Jonas J B, Hayreh S S
Department of Ophthalmology and Eye Hospital, Friedrich-Alexander-University Erlangen-Nürnberg in Erlangen, Germany.
Am J Ophthalmol. 1999 May;127(5):523-30. doi: 10.1016/s0002-9394(99)00030-6.
To evaluate longitudinally the optic disk morphology of nonglaucomatous optic nerve damage secondary to retinal nerve fiber damage, using experimental central retinal artery occlusion in rhesus monkey eyes as a model.
This prospective study included 24 eyes of 16 monkeys. In eight eyes of eight animals, central retinal artery occlusion was produced by clamping the central retinal artery in the retrobulbar space. Occlusion was verified by fluorescein fundus angiography. The same eyes at baseline as well as the eight contralateral healthy eyes and eight monkey eyes with experimental high-pressure glaucoma served as control groups. Serially taken optic disk photographs were morphometrically evaluated.
The area and shape of the neuroretinal rim and alpha zone and beta zone of parapapillary chorioretinal atrophy of eyes after central retinal artery occlusion did not vary significantly (P > .30) from the same eyes before central retinal artery occlusion nor from the normal contralateral eyes. In the glaucomatous eyes, the neuroretinal rim was significantly (P < .001) smaller and parapapillary atrophy significantly (P = .01) larger than in the eyes after central retinal artery occlusion.

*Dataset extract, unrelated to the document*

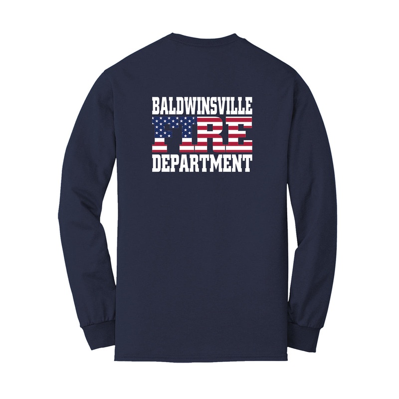 B’ville Fire Dept. 50/50 Blend Long Sleeve navy blue shirt with full-color logos on the front and back.

Experimental central retinal artery occlusion, in contrast to glaucoma, does not markedly change the size and shape of parapapillary atrophy and neuroretinal rim; this confirms previous clinical studies. Thus, assessment of parapapillary atrophy and neuroretinal rim may be helpful to differentiate between glaucomatous optic neuropathy and nonglaucomatous optic neuropathy secondary to retinal nerve fiber damage. Parapapillary atrophy is independent of decreased retinal blood perfusion and development of nonglaucomatous optic nerve atrophy following experimental central retinal artery occlusion.
以恒河猴眼实验性视网膜中央动脉阻塞为模型,纵向评估视网膜神经纤维损伤继发的非青光眼性视神经损伤的视盘形态。

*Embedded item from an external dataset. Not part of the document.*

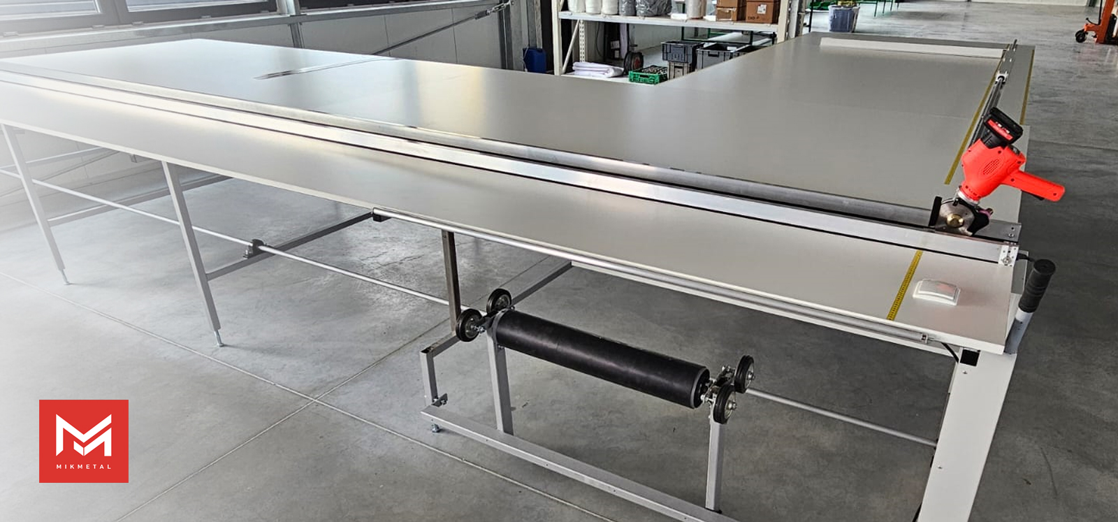 Stół krojczy M3000 to profesjonalne rozwiązanie stworzone z myślą o precyzyjnym cięciu tkanin i materiałów tekstylnych. Dzięki stabilnej stalowej konstrukcji, dużej powierzchni roboczej oraz nowoczesnym systemom cięcia zapewnia najwyższą dokładność i komfort pracy. To idealny wybór dla firm produkujących rolety, odzież czy elementy tekstylne, którym zależy na niezawodnym i wydajnym stanowisku krojczym.

这项前瞻性研究纳入了16只猴子的24只眼。在8只动物的8只眼中,通过在球后间隙夹闭视网膜中央动脉造成视网膜中央动脉阻塞。通过荧光素眼底血管造影术验证阻塞情况。将基线时的同一只眼以及8只对侧健康眼和8只实验性高压青光眼猴眼作为对照组。对连续拍摄的视盘照片进行形态测量评估。
视网膜中央动脉阻塞后,患眼的神经视网膜边缘、视乳头旁脉络膜视网膜萎缩的α区和β区的面积和形状,与视网膜中央动脉阻塞前的同一只眼以及对侧正常眼相比,差异均无统计学意义(P>.30)。在青光眼眼中,神经视网膜边缘明显小于视网膜中央动脉阻塞后的眼睛(P<.001),视乳头旁萎缩明显大于视网膜中央动脉阻塞后的眼睛(P=.01)。
与青光眼不同,实验性视网膜中央动脉阻塞不会显著改变视乳头旁萎缩和神经视网膜边缘的大小和形状;这证实了先前的临床研究。因此,对视乳头旁萎缩和神经视网膜边缘的评估可能有助于区分青光眼性视神经病变和视网膜神经纤维损伤继发的非青光眼性视神经病变。视乳头旁萎缩与实验性视网膜中央动脉阻塞后视网膜血流灌注减少及非青光眼性视神经萎缩的发生无关。